*Data below*
########################################

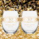 Elegant Golden 50th Anniversary Personalised Gift Stemless Wine Glass
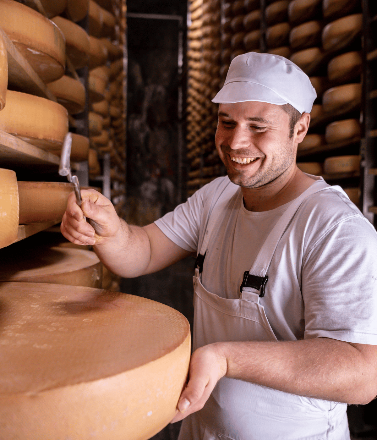 Das Fundament unserer Produktqualität beruht auf drei essentiellen Faktoren:hochwertige Rohstoffe, Zeit und Handarbeit.Heumilch g.t.S., Rohmilch und Bio-Milch – sind unsere Hauptakteure und spielen eine entscheidende Rolle für unsere Qualität. Rohmilch und Heumilch g.t.S., im Gegensatz zu pasteurisierter oder standardisierter Milch, bieten ein reicheres Geschmacksprofil und eine einzigartige Textur. Rohmilch behält die natürlichen Enzyme und Bakterienkulturen bei, enthält wichtige Aminosäuren und Proteine und laut einer Studie der Uni Wien rund doppelt so viel Omega-3-Fettsäuren wie herkömmliche Milch, die während des Reifeprozesses für die Entwicklung des Geschmacks verantwortlich sind. Heumilch, von Kühen, die ausschließlich mit Gras gefüttert werden, verleiht dem Käse einen unverwechselbaren Geschmack, der von den Jahreszeiten und der lokalen Flora geprägt ist. Die Qualität der Rohmilch und Heumilch ist daher ein wesentlicher Faktor für die Endqualität des Käses. Die Milchqualität trägt aber noch zu viel mehr bei, sie fördert die Artenvielfalt durch schonende Haltung der Kühe, sichert Tierwohl und schützt das Klima. Denn Heumilchkühe bekommen im Sommer auf den Almen frische Gräser und Kräuter, im Winter werden sie nur mit Heu gefüttert, so kommt man hier ohne jegliche vergorene Silage aus – und das schmeckt man!
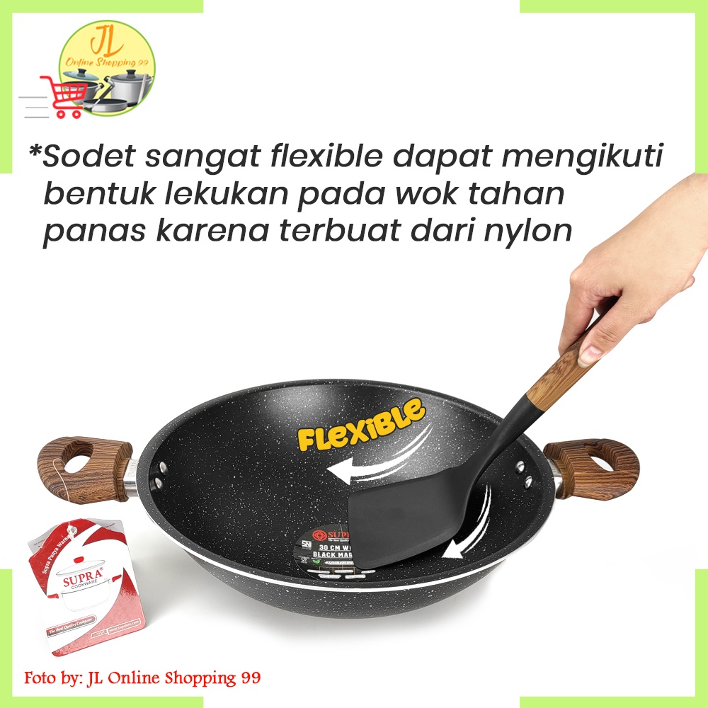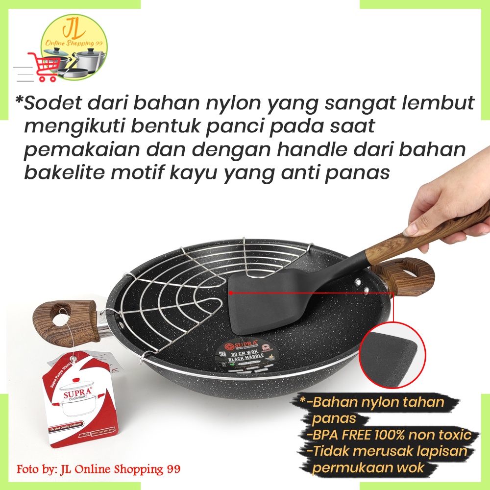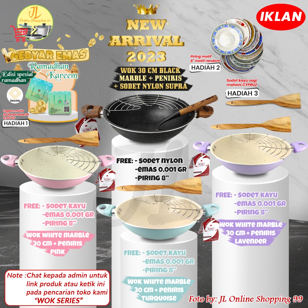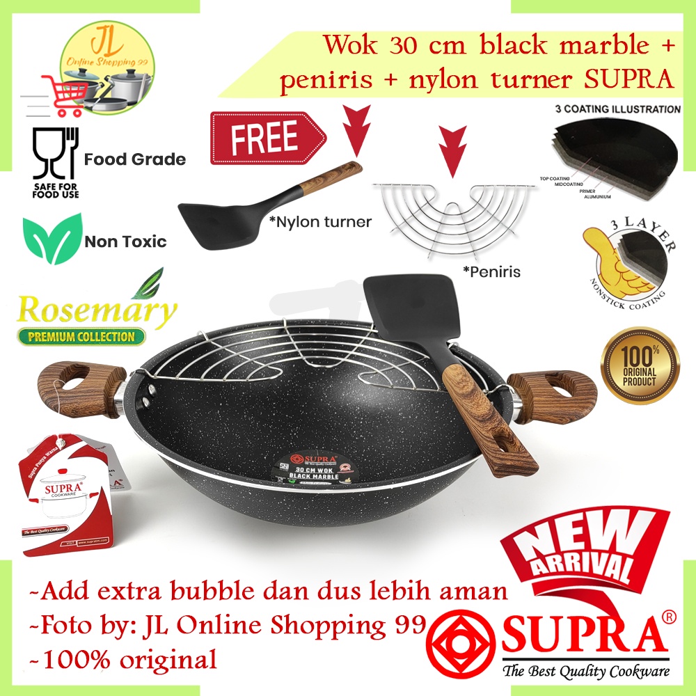 SUPRA Wok set 30cm black marble + peniris + sodet / wajan kuping kuali penggorengan anti lengket

########################################

*Work task*
All lines from the one holding "Das Fundament unserer" to the end of the listing above need to be duplicated exactly. None of the pictures should be included.

*Answer area*
 Das Fundament unserer Produktqualität beruht auf drei essentiellen Faktoren:hochwertige Rohstoffe, Zeit und Handarbeit.Heumilch g.t.S., Rohmilch und Bio-Milch – sind unsere Hauptakteure und spielen eine entscheidende Rolle für unsere Qualität. Rohmilch und Heumilch g.t.S., im Gegensatz zu pasteurisierter oder standardisierter Milch, bieten ein reicheres Geschmacksprofil und eine einzigartige Textur. Rohmilch behält die natürlichen Enzyme und Bakterienkulturen bei, enthält wichtige Aminosäuren und Proteine und laut einer Studie der Uni Wien rund doppelt so viel Omega-3-Fettsäuren wie herkömmliche Milch, die während des Reifeprozesses für die Entwicklung des Geschmacks verantwortlich sind. Heumilch, von Kühen, die ausschließlich mit Gras gefüttert werden, verleiht dem Käse einen unverwechselbaren Geschmack, der von den Jahreszeiten und der lokalen Flora geprägt ist. Die Qualität der Rohmilch und Heumilch ist daher ein wesentlicher Faktor für die Endqualität des Käses. Die Milchqualität trägt aber noch zu viel mehr bei, sie fördert die Artenvielfalt durch schonende Haltung der Kühe, sichert Tierwohl und schützt das Klima. Denn Heumilchkühe bekommen im Sommer auf den Almen frische Gräser und Kräuter, im Winter werden sie nur mit Heu gefüttert, so kommt man hier ohne jegliche vergorene Silage aus – und das schmeckt man!
 SUPRA Wok set 30cm black marble + peniris + sodet / wajan kuping kuali penggorengan anti lengket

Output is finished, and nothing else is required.